Rosa Luxemburg predicted the AI crash and its consequences in 1913

The Accumulation of Capital is a book from 1913 by Rosa Luxemburg which predicts the collapse of the AI bubble. Cool, right?

She describes how capitalist production is structured around the manufacture of commodities, the appropriation of surplus value from their sale, the realisation of that value, and then the endless recycling of that value in search of infinite growth. It's pretty heavy on words, but it's an absolutely killer book that's well worth a read.

It's the neverending greed for more more MORE where the analysis in the book starts to sound like a prediction of the AI bubble.

Expansion becomes a condition of existence. A growing tendency towards reproduction at a progressively increasing scale thus ensues, which spreads automatically like a tidal wave over ever larger surfaces of reproduction.
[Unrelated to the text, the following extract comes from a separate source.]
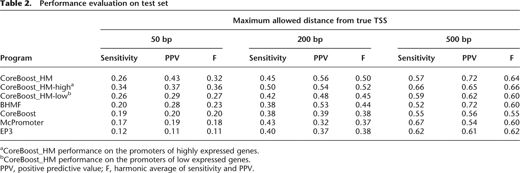 bCoreBoost_HM performance on the promoters of low expressed genes.

I think about that bit every time I open LinkedIn and see an AI startup revenue graph going up and to the right.

Disco Stu from the Simpsons next to a graph going up and to the right labeled 'Disco Record Sales', where the x-axis is 1973 to 1976, the trend is hockeystick growth, and the caption 'If these trends continue... ay!!'

Anyway.

She talks about how the surplus value is the driving force behind it all, and explains that the goods themselves are almost incidental. That much is basically Lean Startup translated into marxist vocabulary. Then she drops this.
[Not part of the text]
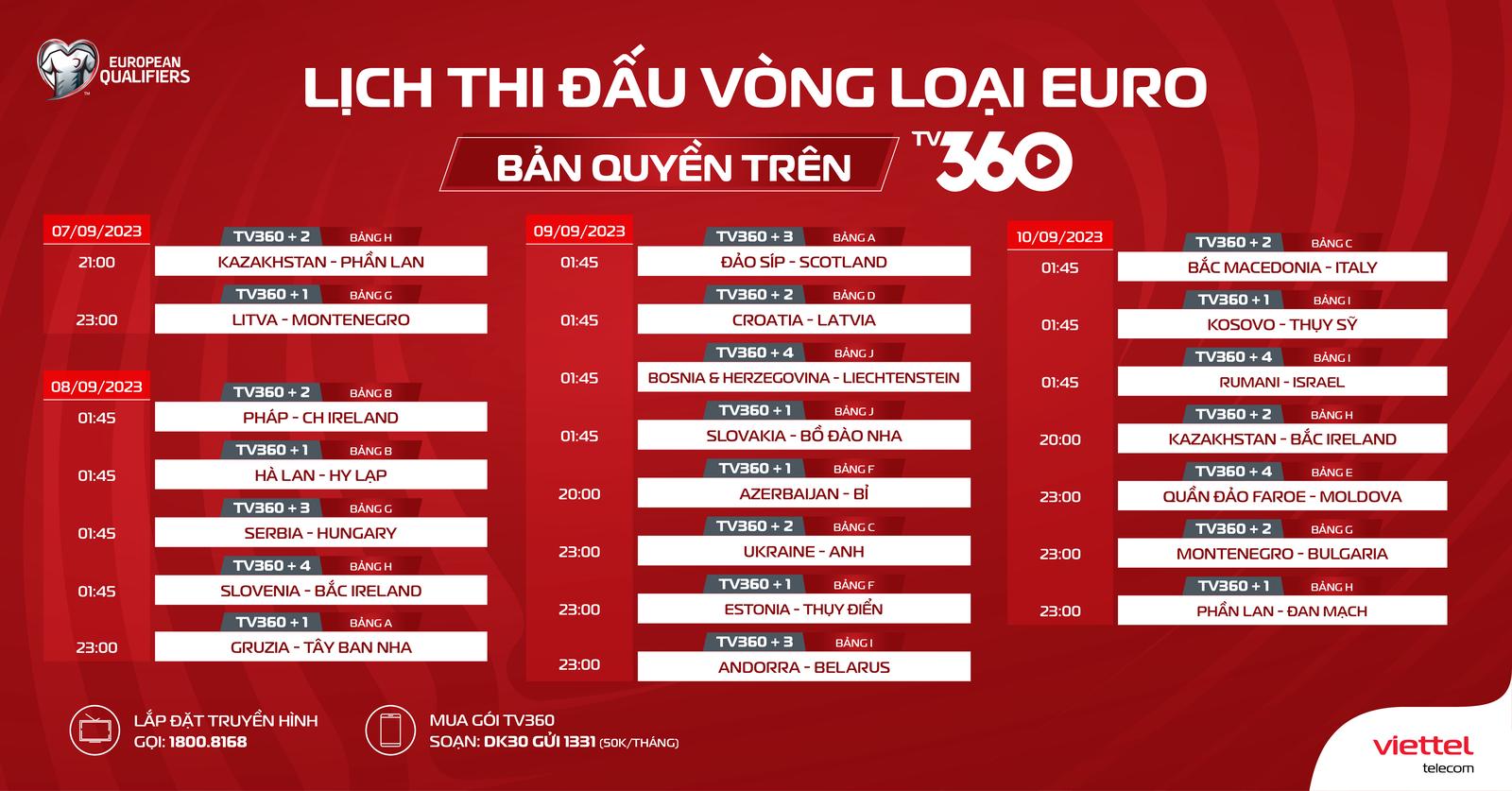 (Thanh tra) - Từ ngày 7/9/2023, TV360 Viettel - đơn vị sở hữu bản quyền vòng loại Euro 2024, sẽ phát sóng trực tiếp miễn phí trên hệ thống truyền hình TV360. Khán giả truy cập http://tv360.vn hoặc ứng dụng TV360 và đăng nhập tài khoản, sẽ được xem miễn phí trọn vẹn vòng loại Euro 2024.

Conversely, capital may, within limits, yield a greater surplus value in consequence of a higher degree of exploitation such as is brought about by wage-cutting and the like, without actually producing a greater amount of goods.

Spookily prescient description of modern events IMO. In so many cases this AI "gold rush" is about growing margins in a negative way through the cutting of operational costs, rather than positive growth resulting from innovations that improve anyone's material conditions.

Trouble is, realising the surplus value from those bigger margins depends on society. Specifically, it depends on the people in society having money to buy anything. Here's a longer quote about that. See what I mean about it being quite wordy? Rewarding reading if you can challenge yourself to sit patiently with the text though, I promise!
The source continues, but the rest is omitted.